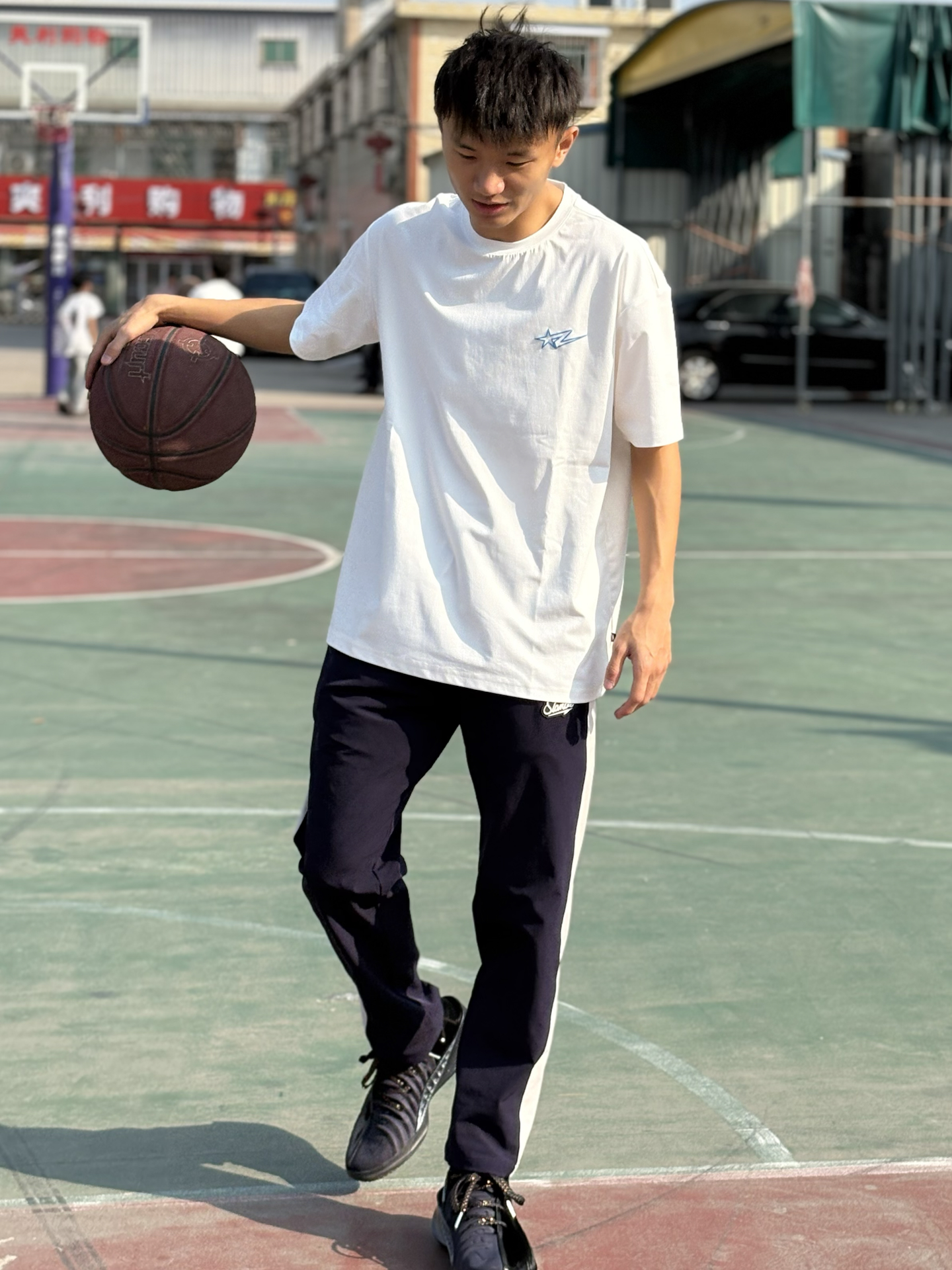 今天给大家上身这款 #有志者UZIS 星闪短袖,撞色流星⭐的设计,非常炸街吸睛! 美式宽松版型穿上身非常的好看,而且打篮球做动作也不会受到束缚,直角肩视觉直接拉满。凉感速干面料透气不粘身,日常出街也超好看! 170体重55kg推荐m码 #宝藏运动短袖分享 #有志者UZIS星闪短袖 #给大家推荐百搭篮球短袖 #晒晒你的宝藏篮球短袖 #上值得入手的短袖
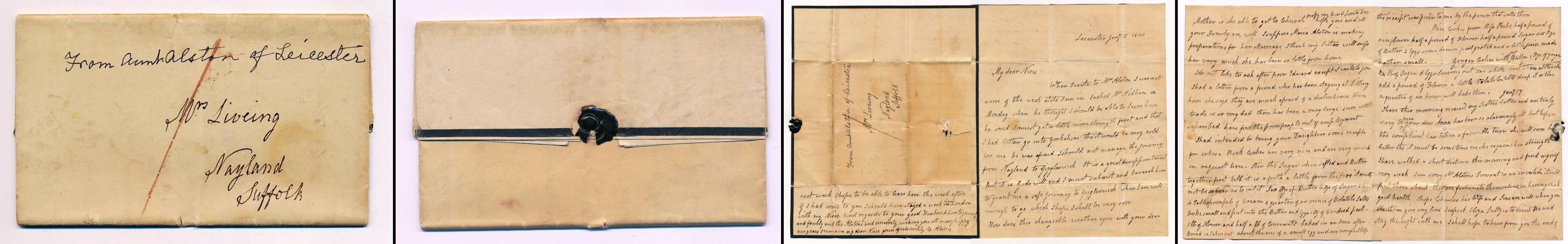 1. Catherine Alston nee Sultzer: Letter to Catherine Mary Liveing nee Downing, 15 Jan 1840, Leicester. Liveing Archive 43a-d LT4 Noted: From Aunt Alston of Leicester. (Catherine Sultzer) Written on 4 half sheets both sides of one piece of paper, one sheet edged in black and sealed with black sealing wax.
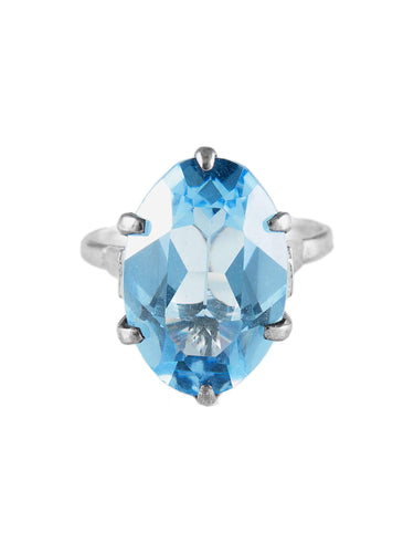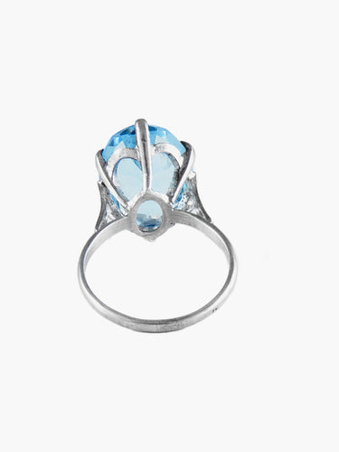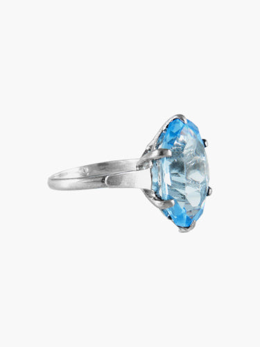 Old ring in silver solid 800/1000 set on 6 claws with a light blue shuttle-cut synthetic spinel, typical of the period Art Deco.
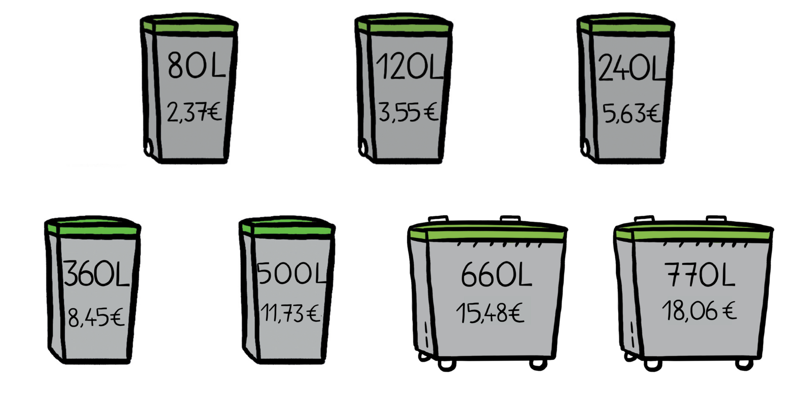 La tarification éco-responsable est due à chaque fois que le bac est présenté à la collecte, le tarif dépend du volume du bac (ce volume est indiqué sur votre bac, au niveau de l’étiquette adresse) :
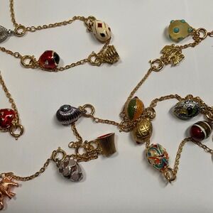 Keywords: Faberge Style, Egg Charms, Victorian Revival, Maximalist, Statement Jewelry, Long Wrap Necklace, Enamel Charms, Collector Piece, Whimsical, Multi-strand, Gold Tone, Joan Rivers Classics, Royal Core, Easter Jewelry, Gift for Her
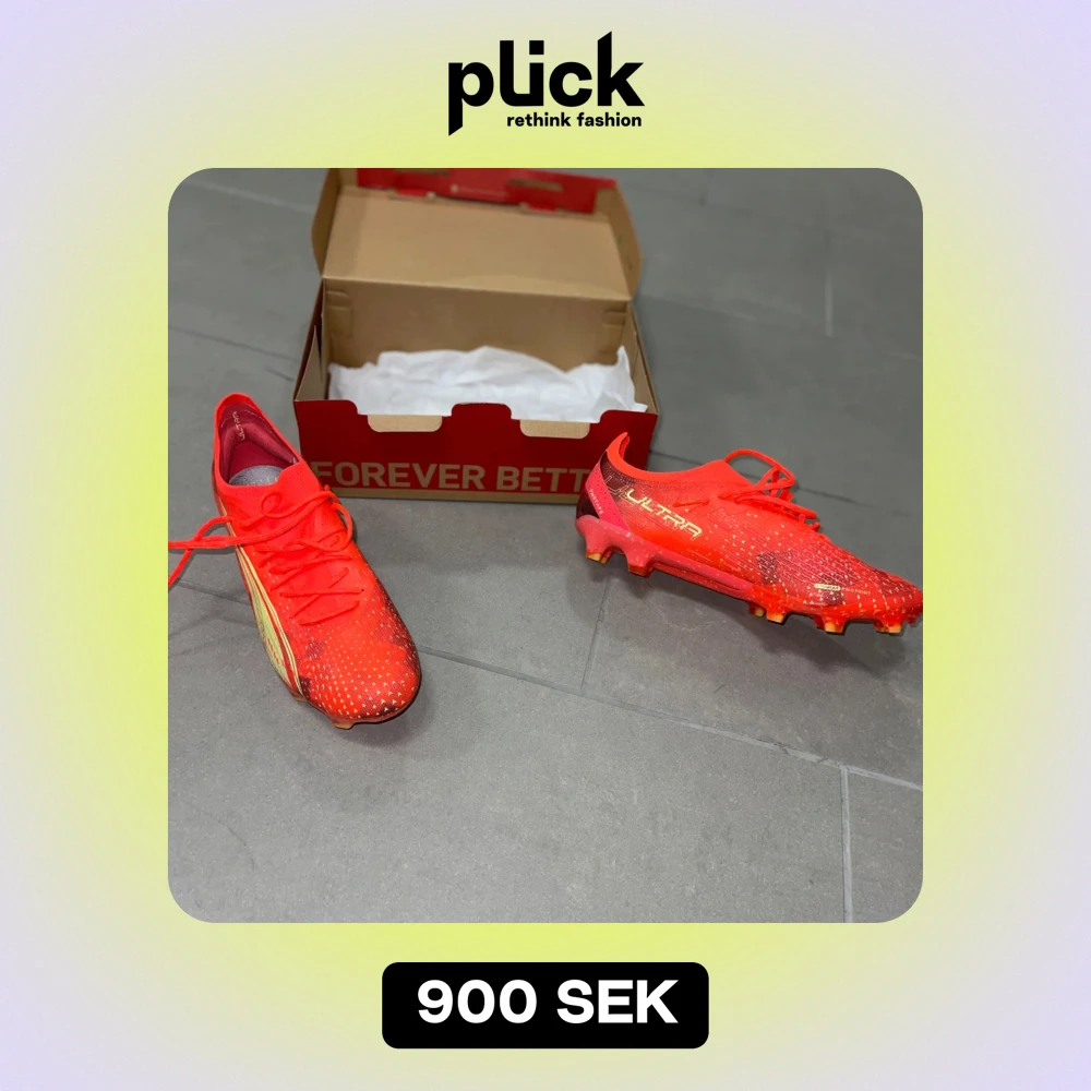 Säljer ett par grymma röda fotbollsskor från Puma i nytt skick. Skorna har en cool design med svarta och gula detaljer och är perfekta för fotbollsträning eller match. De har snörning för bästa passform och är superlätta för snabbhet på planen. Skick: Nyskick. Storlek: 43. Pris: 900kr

Task description:
Take the line with "La tarification éco-responsable" and every line after it through the end of the data, and write only them out exactly, leaving out the pictures.

Completed task:
 La tarification éco-responsable est due à chaque fois que le bac est présenté à la collecte, le tarif dépend du volume du bac (ce volume est indiqué sur votre bac, au niveau de l’étiquette adresse) :
 Keywords: Faberge Style, Egg Charms, Victorian Revival, Maximalist, Statement Jewelry, Long Wrap Necklace, Enamel Charms, Collector Piece, Whimsical, Multi-strand, Gold Tone, Joan Rivers Classics, Royal Core, Easter Jewelry, Gift for Her
 Säljer ett par grymma röda fotbollsskor från Puma i nytt skick. Skorna har en cool design med svarta och gula detaljer och är perfekta för fotbollsträning eller match. De har snörning för bästa passform och är superlätta för snabbhet på planen. Skick: Nyskick. Storlek: 43. Pris: 900kr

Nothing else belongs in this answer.